■ What is expected ■
Word for word, copy out the entries below, but not the pictures in them.

(Stored data entries)
○ ○ ○ ○ ○

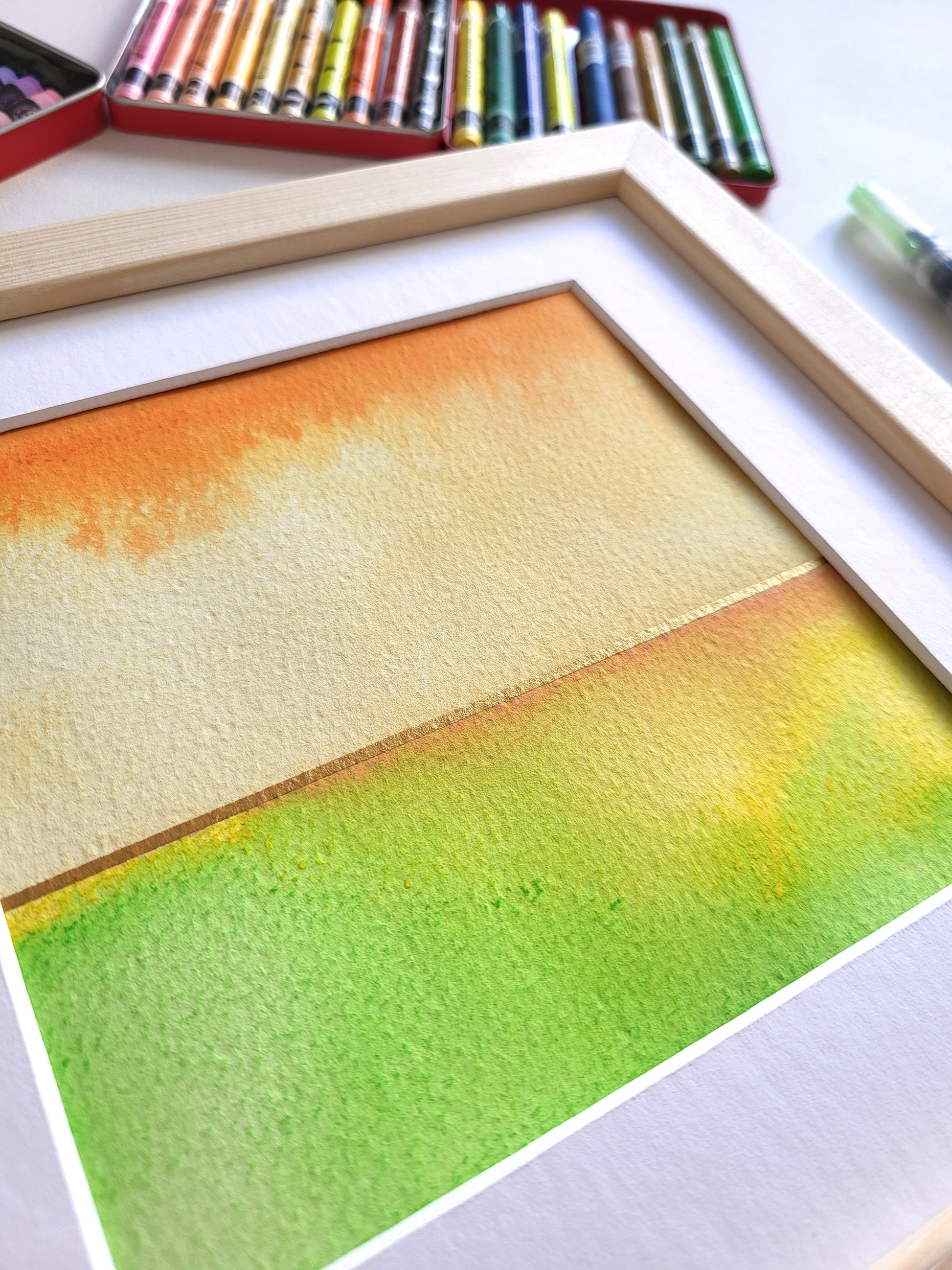 Praca na papierze akwarelowym z kolekcji "Golden Horizon", wyróżniająca się przepiękną, żywą kolorystyką oraz subtelnymi złotymi akcentami.
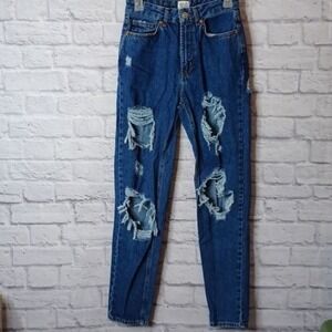BDG High Rise Mom The Straight Jeans Destroyed Ripped Size 25
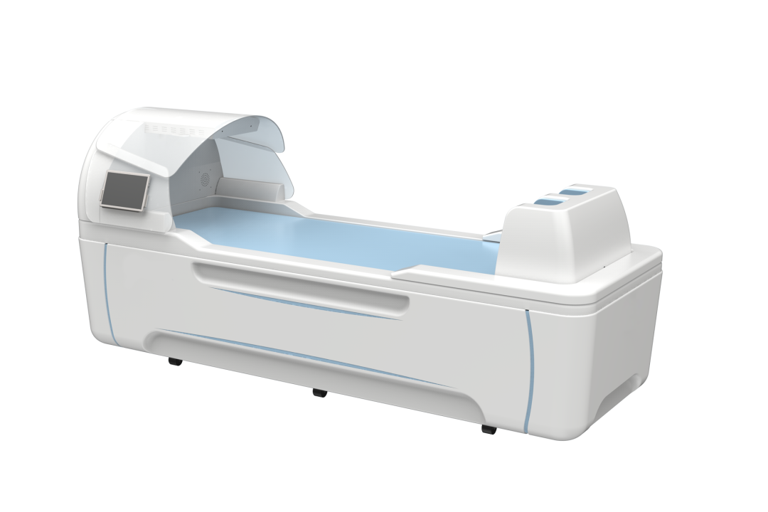 水療按摩床利用機(jī)械傳動(dòng)帶動(dòng)按摩噴頭進(jìn)行各種形式的擺動(dòng),利用電動(dòng)球閥控制按摩噴頭的開(kāi)啟數(shù)目,利用高壓水泵提供動(dòng)力,使不同溫度、不同壓力的水從按摩噴頭噴出,沖擊硅膠床面,從而對(duì)人體進(jìn)行按摩和溫度刺激,同時(shí)還配備有氣壓式腳部按摩,音樂(lè)播放、藍(lán)牙連接、空氣凈化、芳香、美容、氛圍燈等多種功能。
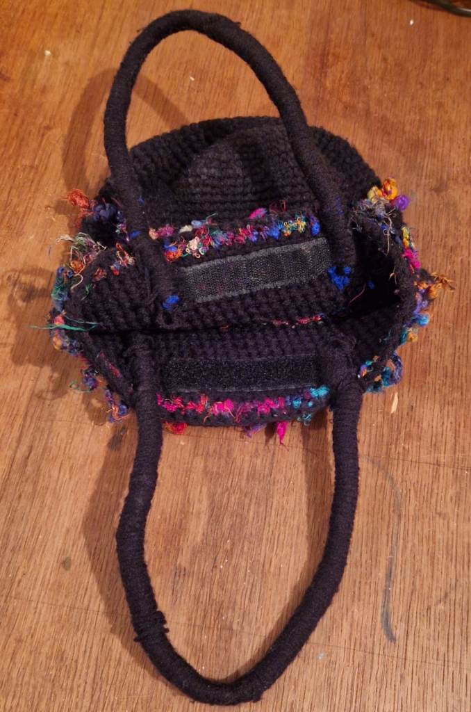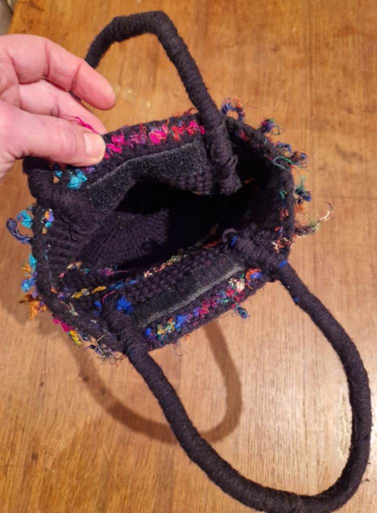 I bought this gorgeous little hand crafted bag years ago but never found the occasion to use it. Am emigrating soon so would love it to find a new home. I said it's wool, but there is no label so I can't be sure if it's a synthetic mix, and feels like it may be. But the coloured stripes are raw silk. It has valcrove closure at the top on the inside. Would make a lovely present for the right person.
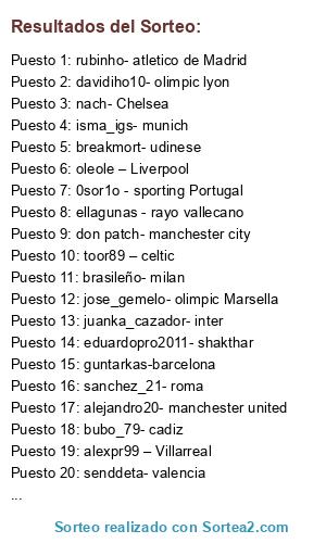 Lista de participantes: admin-juventus, guntarkas-barcelona, pedrito-oporto, davidiho10- olimpic lyon, rubinho- atletico de Madrid, don patch- manchester city, alejandro20- manchester united, nach- Chelsea, toor89 – celtic, frankymora – rangers, kil69 - real Madrid, sanchez_21- roma, sgf92pes – betis, brasileño- milan, rizo – Sevilla, ellagunas - rayo vallecano, senddeta- valencia, eduardopro2011- shakthar, alexpr99 – Villarreal, oleole – Liverpool, 0sor1o - sporting Portugal, jose_gemelo- olimpic Marsella, juanka_cazador- inter, isma_igs- munich, bubo_79- cadiz, breakmort- udinese.

○ ○ ○ ○ ○

■ Result below ■
 Praca na papierze akwarelowym z kolekcji "Golden Horizon", wyróżniająca się przepiękną, żywą kolorystyką oraz subtelnymi złotymi akcentami.
BDG High Rise Mom The Straight Jeans Destroyed Ripped Size 25
 水療按摩床利用機(jī)械傳動(dòng)帶動(dòng)按摩噴頭進(jìn)行各種形式的擺動(dòng),利用電動(dòng)球閥控制按摩噴頭的開(kāi)啟數(shù)目,利用高壓水泵提供動(dòng)力,使不同溫度、不同壓力的水從按摩噴頭噴出,沖擊硅膠床面,從而對(duì)人體進(jìn)行按摩和溫度刺激,同時(shí)還配備有氣壓式腳部按摩,音樂(lè)播放、藍(lán)牙連接、空氣凈化、芳香、美容、氛圍燈等多種功能。
 I bought this gorgeous little hand crafted bag years ago but never found the occasion to use it. Am emigrating soon so would love it to find a new home. I said it's wool, but there is no label so I can't be sure if it's a synthetic mix, and feels like it may be. But the coloured stripes are raw silk. It has valcrove closure at the top on the inside. Would make a lovely present for the right person.
 Lista de participantes: admin-juventus, guntarkas-barcelona, pedrito-oporto, davidiho10- olimpic lyon, rubinho- atletico de Madrid, don patch- manchester city, alejandro20- manchester united, nach- Chelsea, toor89 – celtic, frankymora – rangers, kil69 - real Madrid, sanchez_21- roma, sgf92pes – betis, brasileño- milan, rizo – Sevilla, ellagunas - rayo vallecano, senddeta- valencia, eduardopro2011- shakthar, alexpr99 – Villarreal, oleole – Liverpool, 0sor1o - sporting Portugal, jose_gemelo- olimpic Marsella, juanka_cazador- inter, isma_igs- munich, bubo_79- cadiz, breakmort- udinese.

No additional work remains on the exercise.